Русский сад, или Виктор Ерофеев без алиби
Евгений Ермолин
В. В. Ерофеев. Русская красавица. Роман. Рассказы. М. Союз фотохудожников России, «Молодая гвардия». 1994. 495 стр.
В. В. Ерофеев. В лабиринте проклятых вопросов. Эссе. М. Союз фотохудожников России. 1996. 624 стр.
В. В. Ерофеев. Страшный суд. Роман. Рассказы. Маленькие эссе. М. Союз фотохудожников России. 1996. 576 стр.
Международная сенсация… Виктор Ерофеев, может быть, самый значительный писатель, который возник на развалинах Советского Союза… У Виктора Ерофеева хватит толстовского таланта, чтобы найти свое Воскресение… Ерофеев — бунтарь особого склада… Читая книгу, вы получите особый вид удовольствия… Кроме того, это шедевр… Виктор Ерофеев — точный и тонкий писатель, который, зная свою страну, говорит о ней с болью и нежностью…»
О мировой известности Виктора Ерофеева нас информируют выдержки из отзывов прессы, открывающие каждую книжку его трехтомника. Сочинителю кадят «Дейли телеграф» и «Обсервер», «Фигаро» и «Бостон глоб», «Известия» и «Московские новости»… Из аннотации к первому же тому можно узнать, что роман Ерофеева «Русская красавица» получил «всемирное признание», а иные рассказы стали «своего рода классикой».
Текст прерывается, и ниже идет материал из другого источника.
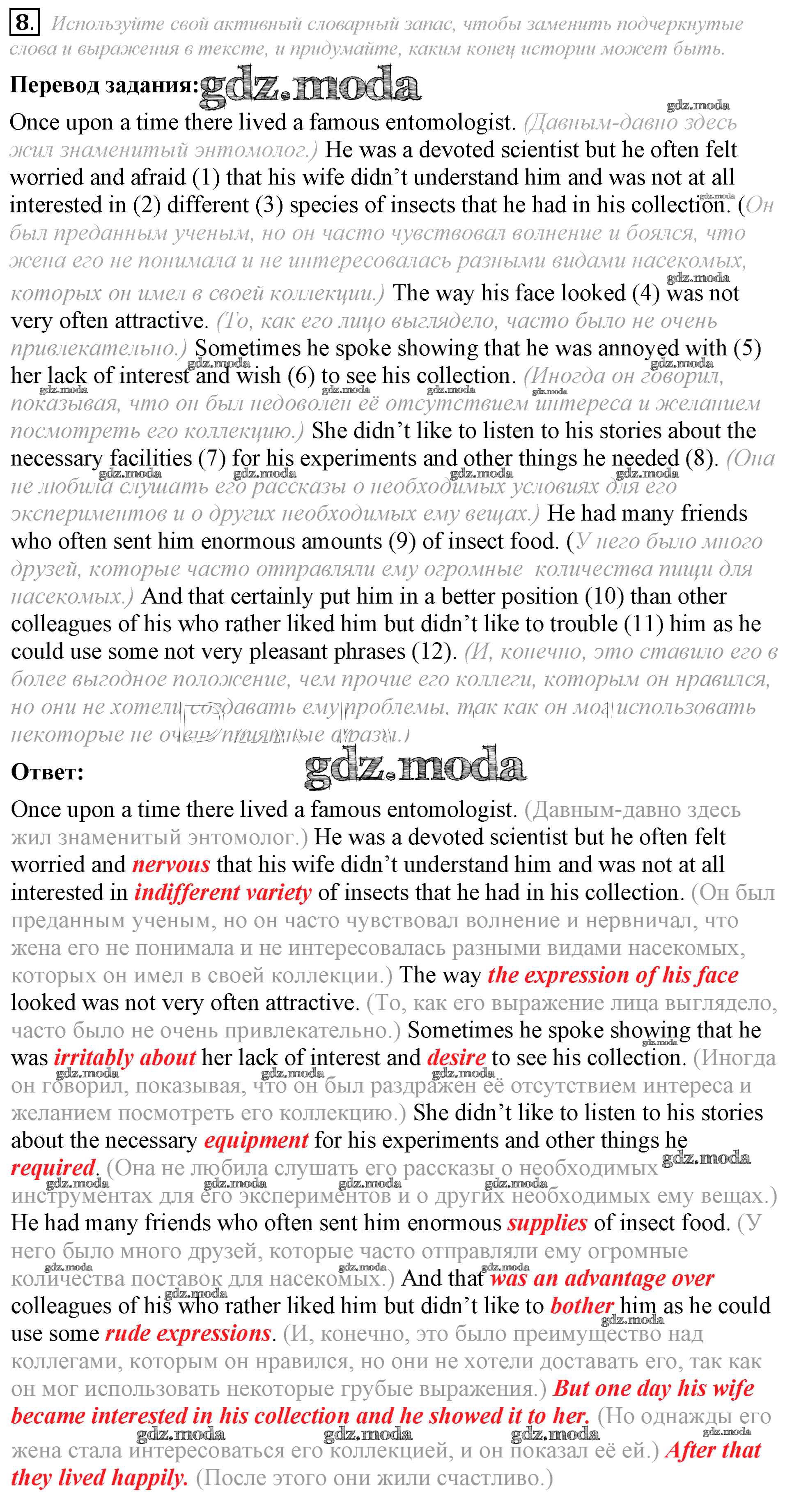 ГДЗ решение к заданию № 8 Английский язык 8 класс Афанасьева (Углубленный уровень) Просвещение 2014 Углубленный уровень ФГОС бесплатно на гдз.мода!

Хотелось бы понять, что это за «род классики».
По первому впечатлению, своеобразие ерофеевской «классики» заключается в том, что ее нельзя давать для чтения подросткам. И вообще каждому читателю лучше набраться мужества перед тем, как открыть книгу, а захлопнув ее — хотя бы тщательно вымыть руки.
Ерофеев — литератор одной темы. Как бы назвать эту область самодовлеющего интереса? Жалким, трусливым эвфемизмом выглядит здесь испытанное и заматеревшее в современном российском обиходе слово «секс». Но придется, кажется, пока довольствоваться им. Литератор неистощим в описании разнообразных совокуплений, адюльтера, садомазохистских затей и всевозможных прочих перверсий. Женщина в его прозе — «спермоприемник», а друга никак нельзя не «трахнуть»…
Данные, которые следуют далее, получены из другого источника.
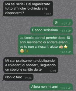 Beh… lui ha reagito in un modo che non avrei mai immaginato. Se c’è una cosa che ho imparato, è che l’amore non si costruisce solo con i gesti… ma anche con la volontà di farli. E se un uomo dopo dieci anni non ha il coraggio di impegnarsi seriamente, dico solo una cosa: non è un uomo, è un coniglio.

Столь однонаправленный творческий аппетит может возбудить простодушные обывательские подозрения: чем же в жизни занимается сочинитель подобных опусов? пробует ли он то, о чем потом с таким знанием предмета повествует? кто он, Виктор Ерофеев? не юный ли натуралист, слегка свихнувшийся на анально-генитальном локусе, естествоиспытатель, дорвавшийся до полевых исследований, или тут замешан механизм компенсации?
Но критику, как принято считать, не к лицу такие догадки. «Образ автора» он уясняет из строя текста. Здесь, однако, трудный случай. Ерофеев как автор еще обнаруживает себя в своих эссеях и статьях, но — вообще как бы не у дел и ни при чем в своей прозе. Он настойчиво имитирует беспредельный объективизм, «самодвижение жизни» (последнее выражение этой тенденции мы находим в романе «Страшный суд»). Вот его декларация: «Единственным выходом для продолжения литературы становится создание такого текста, когда он включается в интерактивную связь с читательским сознанием. Читатель сам моделирует смысл текста, исходя из себя и в этом моделировании обнаруживаясь и обнажаясь. …Растворяясь в собственном тексте, автор предоставляет читателю возможности самому отделить явь от сна и фантазм от реально случившегося».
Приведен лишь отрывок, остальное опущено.